Gail’s parents loaned her the money, inadvertently making their daughter the first U.S. citizen to buy a Mustang – before it was officially available. Six decades on, the car is still in the possession of Gail Wise (Brown was traded in for Wise when she married Tom, a nuclear submarine technician, in 1966). The family grew to six by the mid-seventies, and the Mustang became the husband’s daily driver.

The pony was sturdy enough to accommodate all the six Wises to an occasional trip to the nearest McDonald’s (), with three children sitting in the back – with no seatbelts – and the youngest in her mother’s lap on the passenger seat. Yes, it was legal back then, and no one thought otherwise.

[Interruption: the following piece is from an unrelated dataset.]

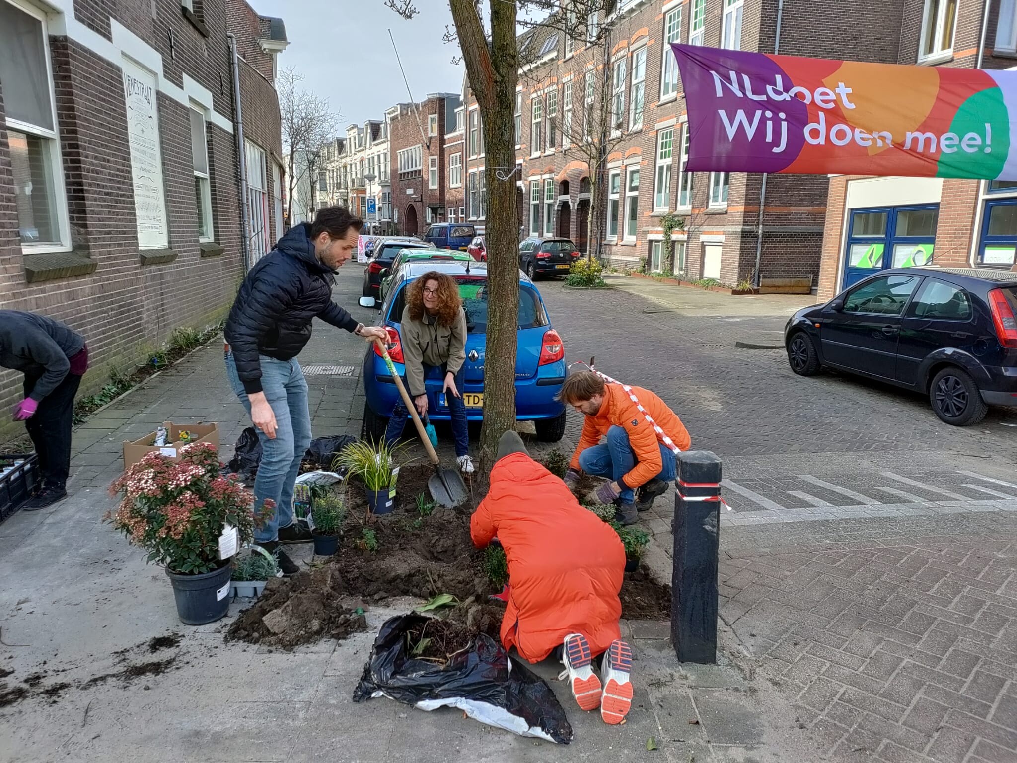 ‘Wij hebben een zeer geslaagde ochtend gehad op onze burendag’, aldus bewoners Annette Bos en Mira Benes. We hebben planten en bollen geplant langs de bomen en in nieuwe groenvakken, de straat opgeruimd en uiteraard gezellig koffie gedronken.’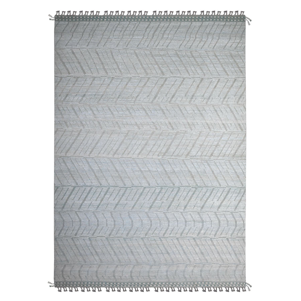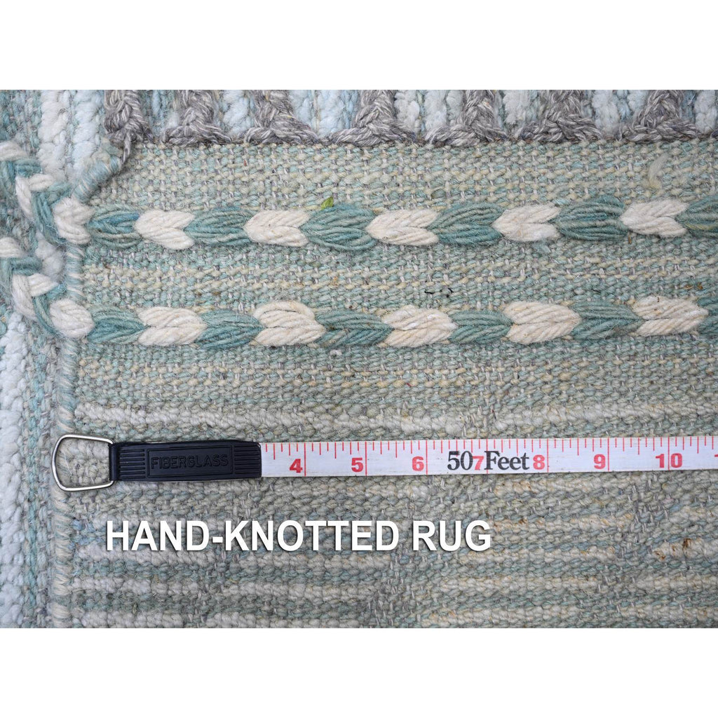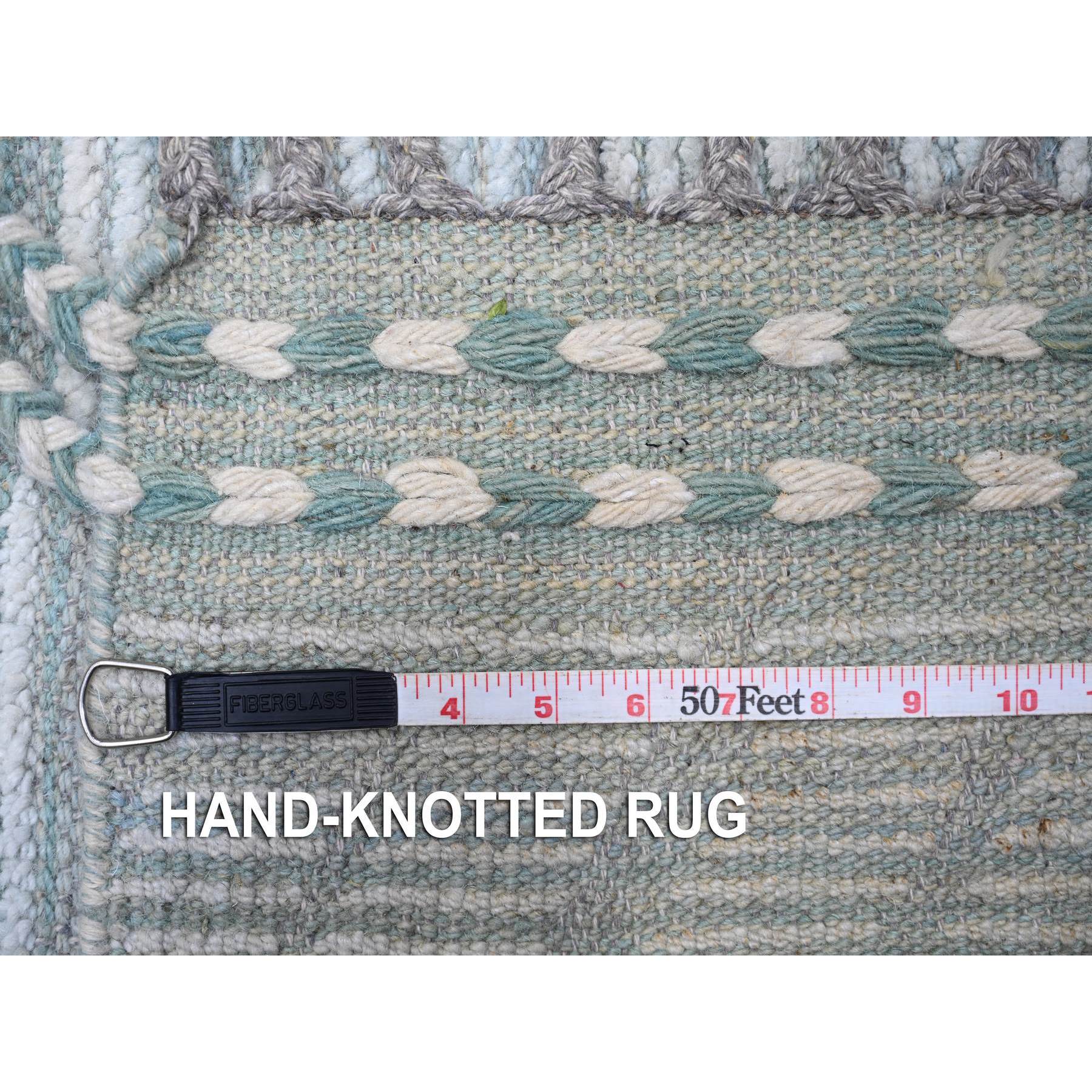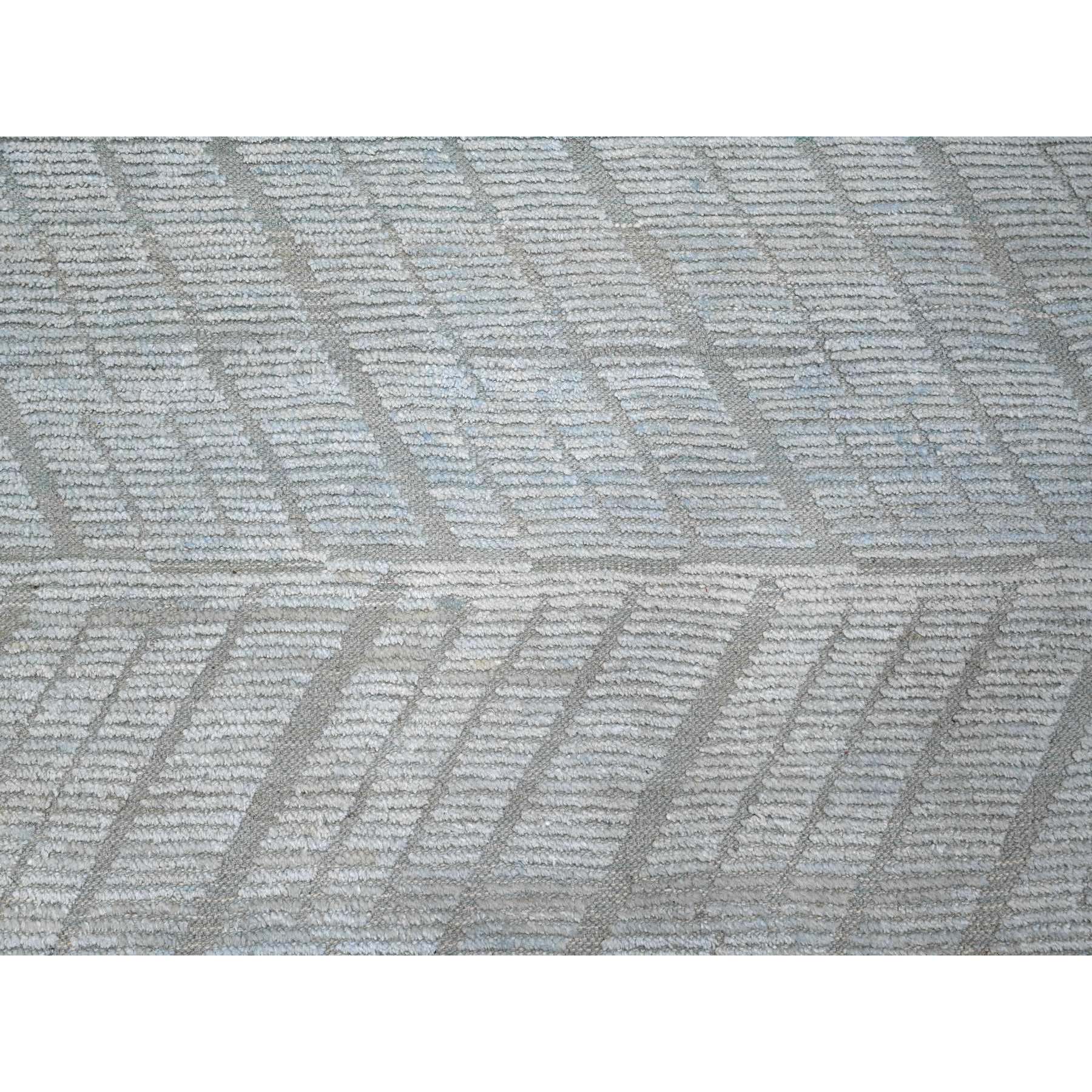 10'x14' Powder Blue, Zig Zag Design Oulad Bousbaa Leaf Influence, Moroccan Weave, 100% Wool, Hand Knotted, Wool On Wool Oriental Rug FWR535008

First Ford Mustang Sold in the U.S.

Photo: Hagerty

Gail stirred quite a commotion when she drove the car for the first time. Passers-by would wave at her and ask her to slow down to get a better look at it (it, the car, not her, the girl). You can only imagine the impression she left with the seventh and eighth graders the following Thursday (April 16) when she rode the Mustang to work.

After 15 years of service in the harsh Chicago winters, the Mustang was beginning to show its age. One winter day in the late seventies, the gas pedal linkage to the carburetor froze. Tom Wise pushed it into the garage with the honest intention of getting it fixed the following week. And there it sat, waiting for that fix-up day for 27 years. The original buyer insisted they sell the car, but Mr. Wise didn’t give in.

His wife tried reasoning with him, pointing out that there was not enough garage space. Running out of arguments in favor of his decision to keep the beater, Tom finally capitulated and extended the garage to accommodate the Mustang further as a retirement project. And indeed, that’s what it became.

First Ford Mustang Sold in the U.S.

Photo: Hagerty

In 2005, the Wises decided to restore the old Mustang, which was a bigger project than he had anticipated. He could wrench on the mechanicals all day long, but he knew he had to get the body to a specialized shop. The cosmetic rebuild lasted a year and cost around $35,000 (in 2006).

Following this renovation, the Mustang slowly began to attract attention – to the point that Ford Motor Company invited the Wises and their historic Ford Mustang to Dearborn to celebrate the 10th million Mustang sold in 2018. Gail and Tom Wise are still the proud owners of their (her) 1964-1/2 Ford Mustang convertible, but their children are not particularly interested in the car – at least, not to their parents’ knowledge.

Although Gail and Tom still drive the Mustang every now and then, the monumentaly significant Ford could just as easily be stored in the garage indefinitely. Three of the couple’s four children live within a mile of their home (one of the two sons has moved to Florida).